Prove that $\;x-y \in2\pi \mathbb Z\;$ defines an equivalence relation on $\;\mathbb R.$

Answer 1

I'm assuming that "$x-y \in 2\pi Z$ defines an equivalence relation on $R$" $\;$ means that for $x, y \in \mathbb R$, the equivalence relation in question is the relation $R = \{(x, y) \in \mathbb R \times \mathbb R \mid x - y \in 2\pi \mathbb Z\}\;$ where $\mathbb R$ is the set of real numbers, $\mathbb R \times \mathbb R$ is the set of all ordered pairs of reals, and $2\pi \mathbb Z$ is the set of all integer multiples of $2\pi$.
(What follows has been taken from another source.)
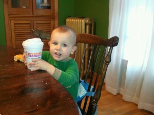 I got home, and Justin and I got everything set up for breakfast in just a few minutes. Then Roberto saw the coffee. And screamed and screamed. He did not want his donut. He did not want his milk. No, my child wanted the styrofoam cup. In an effort to stop the screaming and ease the headache I could feel forming at my temples, I got a mug for my coffee and poured Robbie’s milk into the Dunkin’ cup. I leaned back in my chair, happy to have avoided the near-crisis.

Put differently, $x R y$ means $x, y$ are real numbers such that $x - y \in 2\pi \mathbb Z \iff 2\pi\mid (x - y)$: that is, $2 \pi$ divides $x - y$, or $x \equiv y \pmod {2\pi}$

Now, you need to establish whether $R$ is an equivalence relation:

Is $R$ reflexive? Is it the case that for $x \in \mathbb R$, $x - x = 2\pi k$, where $n$ is some integer? Note, for any $x \in \mathbb R$, put $k = 0$...and your have reflexivity.

Is $R$ symmetric?

Is it the case that for all $x, y \in \mathbb R$, that if $x - y = 2\pi k$, then $y - x = 2\pi j$, where k, j are some integers? Hint: consider $j = -k \in \mathbb Z$, then $x - y = 2\pi k = -(y - x)$

Is $R$ transitive? Is it the case that for all $x, y, z \in \mathbb R$, that IF $x - y = 2\pi k$ AND IF $y - z = 2\pi j$, then it must follow that $x - z = 2\pi m$ for some integers j, k, m? If so, and this CAN be easily shown to be true, then the relation is transitive.

If you can answer yes to each of the above, then you will have proven that $R$ is an equivalence relation.

If you have questions about any particular property, and/or specify what you've figured out, and where you're stuck, I'll be happy to give you some more nudges to clear things up.